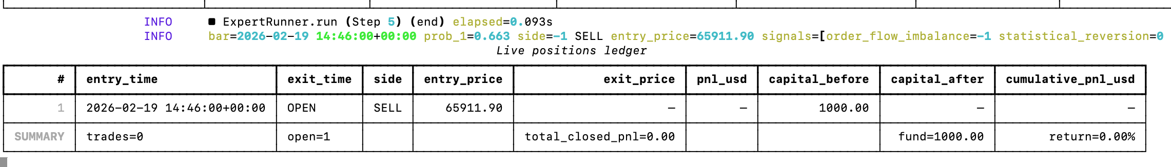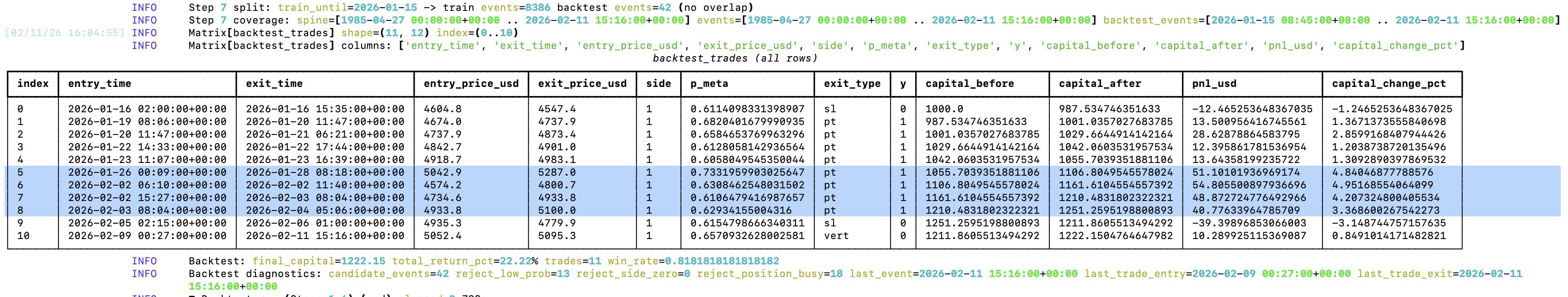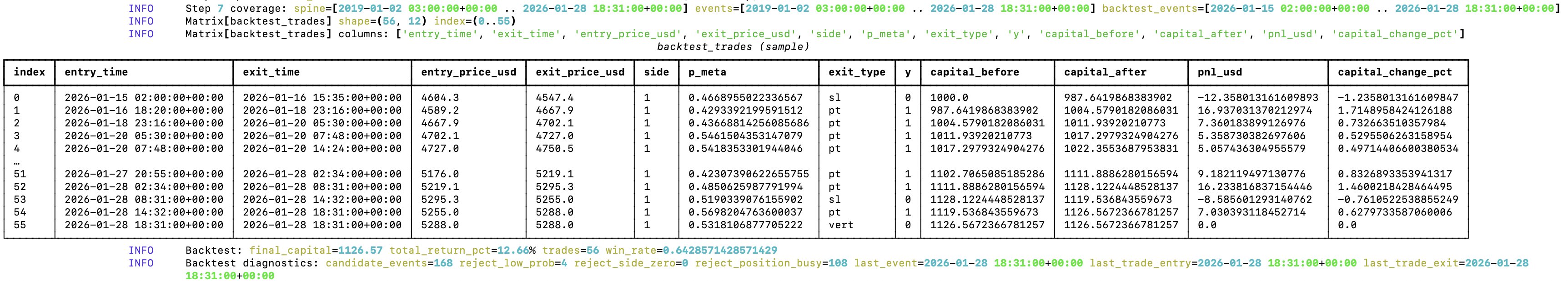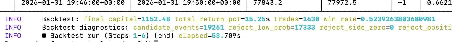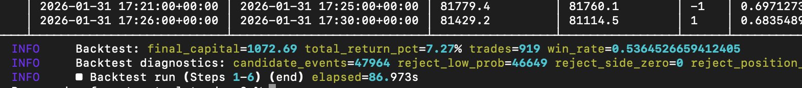 Currently, it's structured to match Polymarket's 5 minute BTC up or down markets, so this model can be used for trading on those markets. In this setup, the return is binary -- you either almost double or lose the whole position (assuming an entry as within a small delta of the market open). But this model can also be easily adapted to long/short futures positions with more flexibility on entry or exit times — it would require adapting the labeler and the backtest configuration (namely the cost model and position sizing).
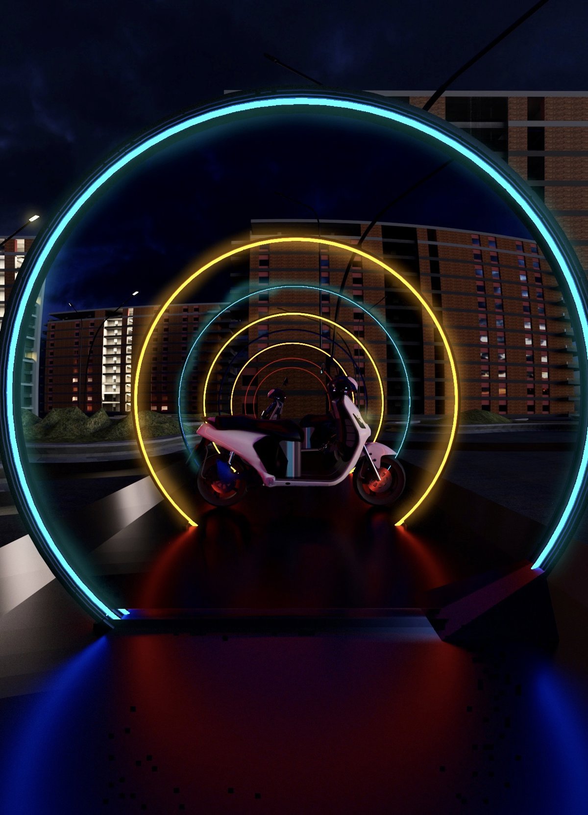 Su proyecto colectivo, denominado 'Velocidad y Control', nace de un análisis profundo de las sensaciones que se generan a partir de la velocidad. Con esta instalación, sus autoras pretenden provocar una experiencia de adrenalina, mezcla de emoción, placer y energía: buscan simular la unión de un juego entre la ciencia ficción -evocación lejana de la carrera de motos de Tron- y la nostalgia de las atracciones de siempre. La interacción con los usuarios se produce bajo un efecto de espejos reflectores confrontados (con un efecto espía no totalmente opaco) que genera la ilusión de un túnel infinito de luz mediante una superposición de grandes anillas. Se crea una secuencia de círculos con una iluminación led programada y limitada por dos grandes espejos circulares que todavía aumenta más la sensación de huida. En este vertiginoso túnel visual quedan enmarcadas dos motocicletas eléctricas Yamaha que las personas visitantes podrán utilizar para atravesar virtualmente esta estructura de fuga e incorporar su propia imagen a la experiencia visual. Cabe destacar que es accesible en todo su perímetro, con un flujo multidireccional.
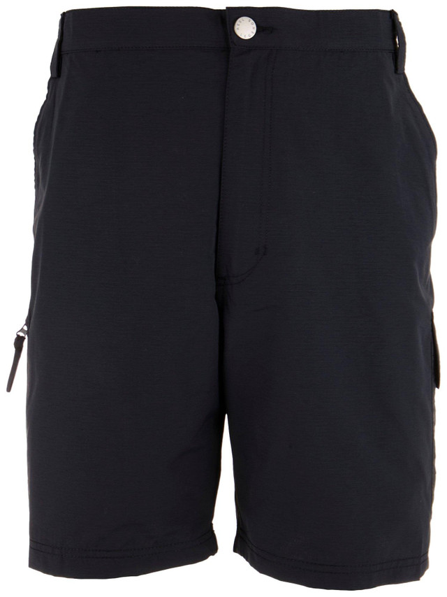Reel Legends apparel is perfect for land or sea adventure! These Tarpon shorts feature a classic solid color design, two front mesh pockets, back flap pockets with hook and loop closure, one cargo pocket with hook and loop closure and exterior mesh slip pocket, one cargo pocket with zip closure and exterior slip pocket, moisture wicking technology, quick drying properties, UPF 50 sun protection, and a back elastic waistband. Inseam is 8 inches. Fabrication 65% cotton 35% nylon.
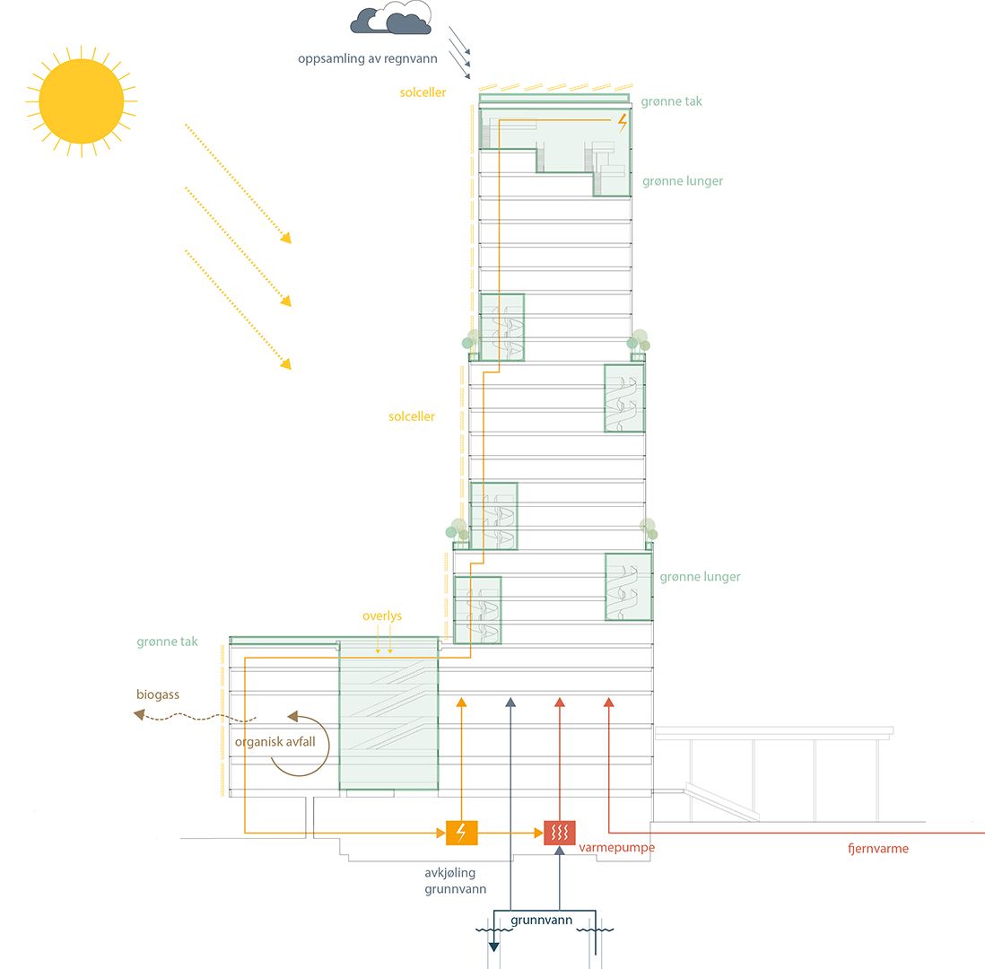 Fjordporten comprises a tower with a base. The tower mainly houses offices, while the base contains service functions for transport users. The building volume interacts with the towering "cathedral space" in the existing Østbanehallen and tapers downwards with inspiration from Oslo's landscape and buildings. By combining the use of timber with modern materials such as concrete and high-tech glass, the building's materials are a subtle reference to the time when the city was built from wood.
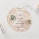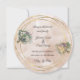 Dois belos buquês florais representando duas noivas em aquarelas. Um círculo geométrico dourado inclui todos os detalhes. Eu coloquei este convite no papel da Kraft para um olhar quente. Se não quiser, escolha entre uma grande seleção de documentos para o seu convite.
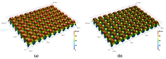 | Sides (bx, by) (µm) | Height (Vs. Underlying Plateau 2) (µm) | Period (Px, Py) (µm) | Sides (bx, by) (µm) | Height (Vs. Underlying Plateau 3) (µm) | Period (Px, Py) (µm) |
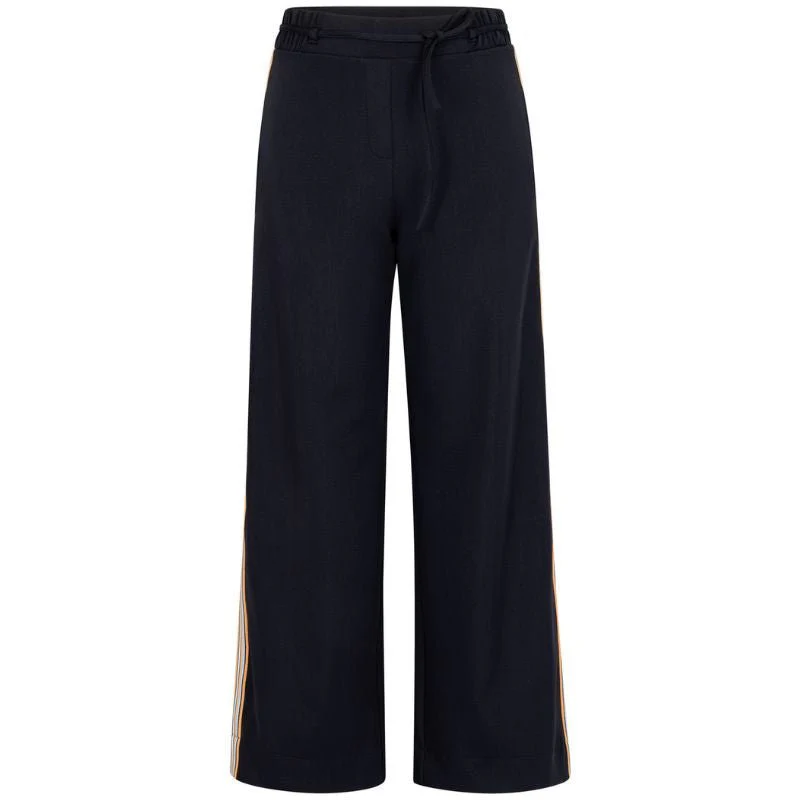Langs de zijnaden is de trousers voorzien van een gekleurde tape die het ontwerp een sportieve twist geeft. De elastische tailleband met drawstring zorgt voor extra draagcomfort en maakt het eenvoudig om de pasvorm af te stemmen op jouw voorkeur. De bonded travelstof kreukt nauwelijks en voelt soepel aan waardoor deze broek ideaal is voor zowel werk als vrije tijd. De binnenbeenlengte van dit model maakt hem bovendien geschikt voor veel lengtes.
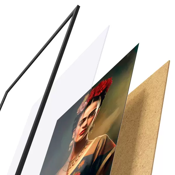 El póster consta de marco, plexiglás, imagen impresa y soporte de aglomerado. El póster puede colgarse inmediatamente en la pared gracias a los soportes de la parte posterior.
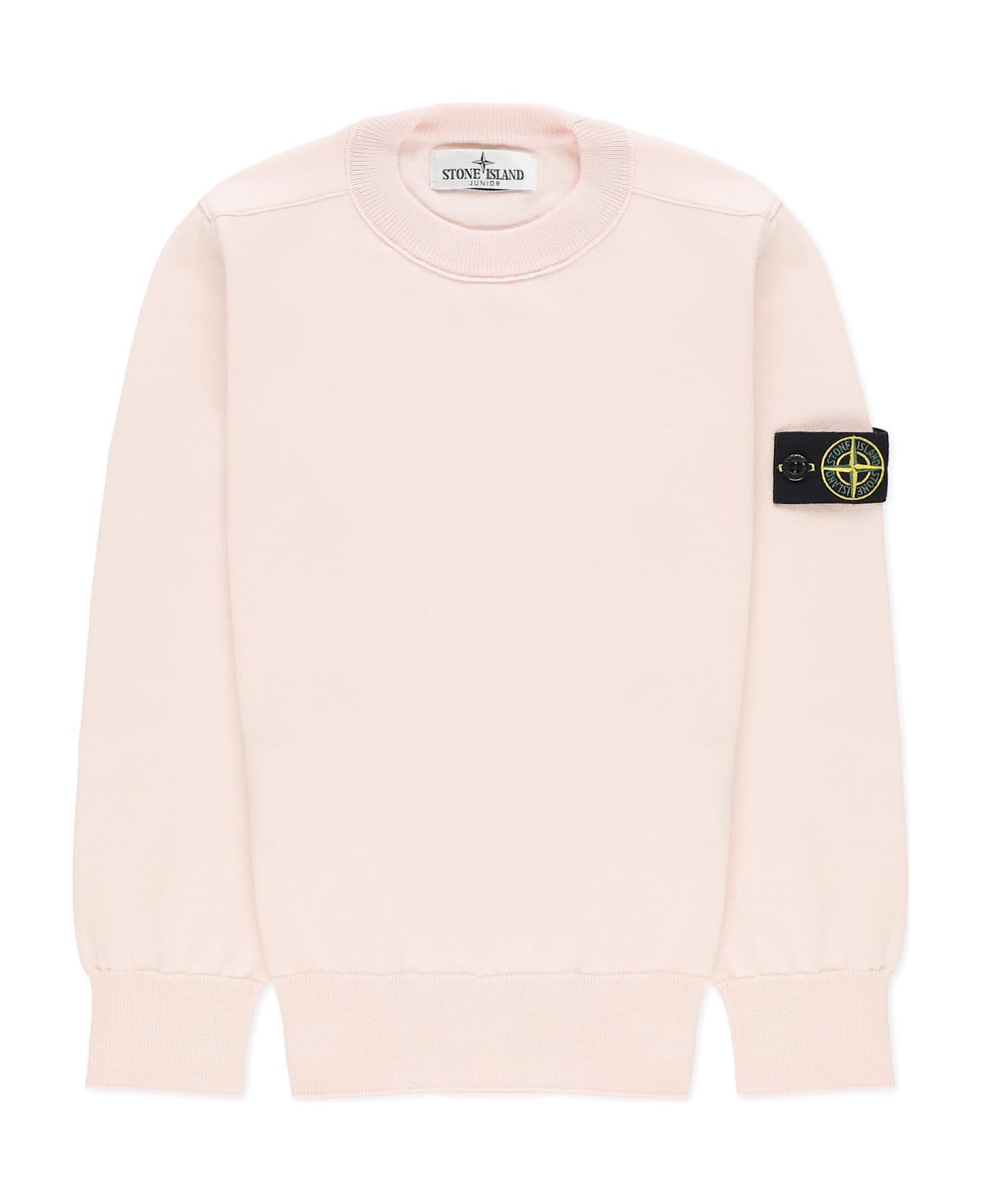 - Pink Stone Island Junior cotton sweater for boy - Crew neckline - Long sleeves - Contrasting color logoed patch at left sleeve Composition: 100% Cotton
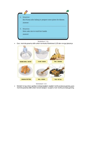 Guru meminta peserta didik untuk membuka Worksheet 2.25 dan mengerjakannya Setelah mengurutkan gambar tentang langkah-langkah membuat pisang goreng, guru meminta peserta didik untuk menulis langkah langkah untuk membuat pisang goreng.
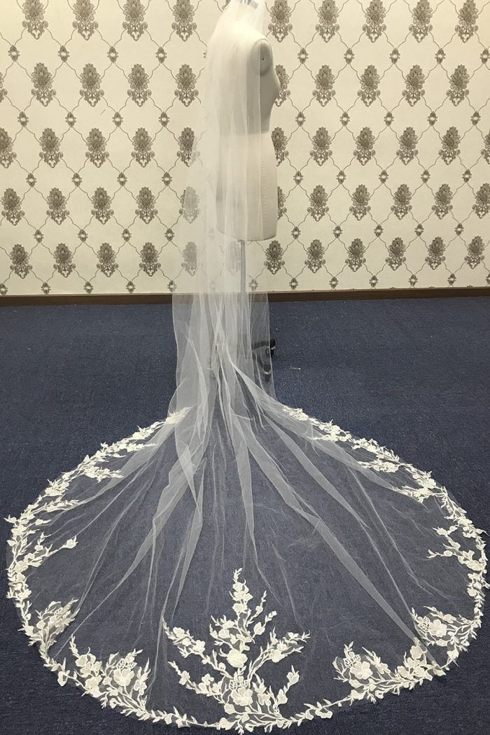 1 tier soft tulle ivorycathedral floral lace applique veil V901
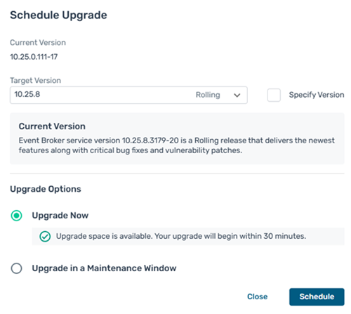 • You can only upgrade one event broker service at a time using an immediate upgrade if an upgrade slot is available. You can see availability using the Schedule Upgrade window in the Cloud Console. If there is no availability, you can try again at a later time. For more information, see Performing Self-Serve Upgrades for an Event Broker Service Using the Cloud Console
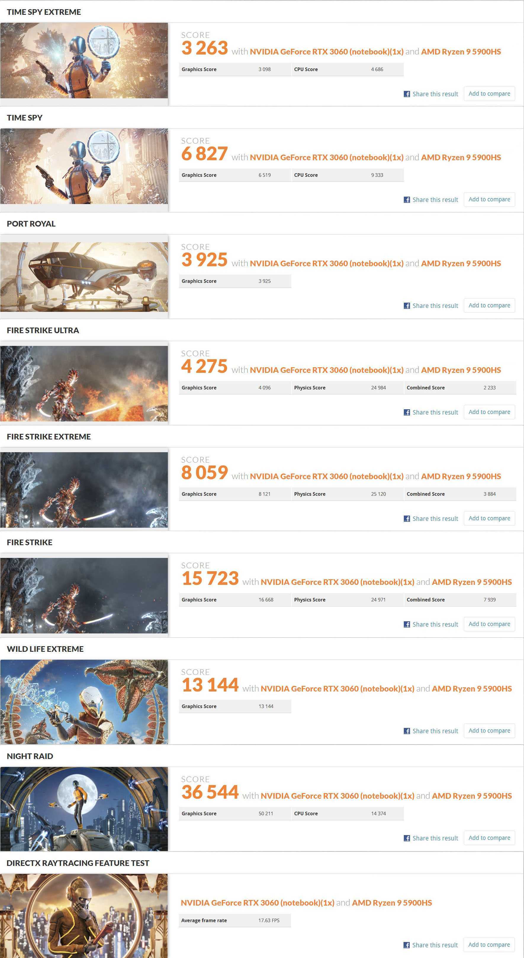 Полученные баллы немного ниже, чем у версий RTX 3060 Laptop с TDP, близким к максимальным 115 Вт, но отличаются они совсем немного – максимум на 5-10%. Так что в буст-режиме мы получаем почти полную производительность, урезана она не сильно. Также увеличить FPS может поддержка технологии DLSS.
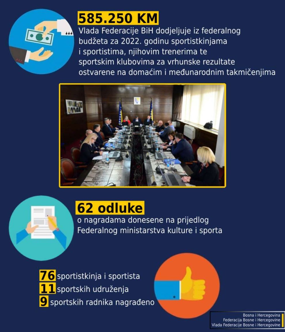 Vlada Federacije BiH je na današnjoj sjednici u Sarajevu, na prijedlog Federalnog ministarstva kulture i sporta, donijela 62 odluke o dodjeli nagrada sportistkinjama i sportistima, njihovim trenerima te sportskim klubovima za vrhunske rezultate ostvarene na domaćim i međunarodnim takmičenjima, u ukupnom iznosu od 585.250 KM.

# [Directions for this task]
Your output should consist solely of the lines from the line containing "- Pink Stone" through the last line of the entries, verbatim, minus any pictures.

# [Response]
 - Pink Stone Island Junior cotton sweater for boy - Crew neckline - Long sleeves - Contrasting color logoed patch at left sleeve Composition: 100% Cotton
 Guru meminta peserta didik untuk membuka Worksheet 2.25 dan mengerjakannya Setelah mengurutkan gambar tentang langkah-langkah membuat pisang goreng, guru meminta peserta didik untuk menulis langkah langkah untuk membuat pisang goreng.
 1 tier soft tulle ivorycathedral floral lace applique veil V901
 • You can only upgrade one event broker service at a time using an immediate upgrade if an upgrade slot is available. You can see availability using the Schedule Upgrade window in the Cloud Console. If there is no availability, you can try again at a later time. For more information, see Performing Self-Serve Upgrades for an Event Broker Service Using the Cloud Console
 Полученные баллы немного ниже, чем у версий RTX 3060 Laptop с TDP, близким к максимальным 115 Вт, но отличаются они совсем немного – максимум на 5-10%. Так что в буст-режиме мы получаем почти полную производительность, урезана она не сильно. Также увеличить FPS может поддержка технологии DLSS.
 Vlada Federacije BiH je na današnjoj sjednici u Sarajevu, na prijedlog Federalnog ministarstva kulture i sporta, donijela 62 odluke o dodjeli nagrada sportistkinjama i sportistima, njihovim trenerima te sportskim klubovima za vrhunske rezultate ostvarene na domaćim i međunarodnim takmičenjima, u ukupnom iznosu od 585.250 KM.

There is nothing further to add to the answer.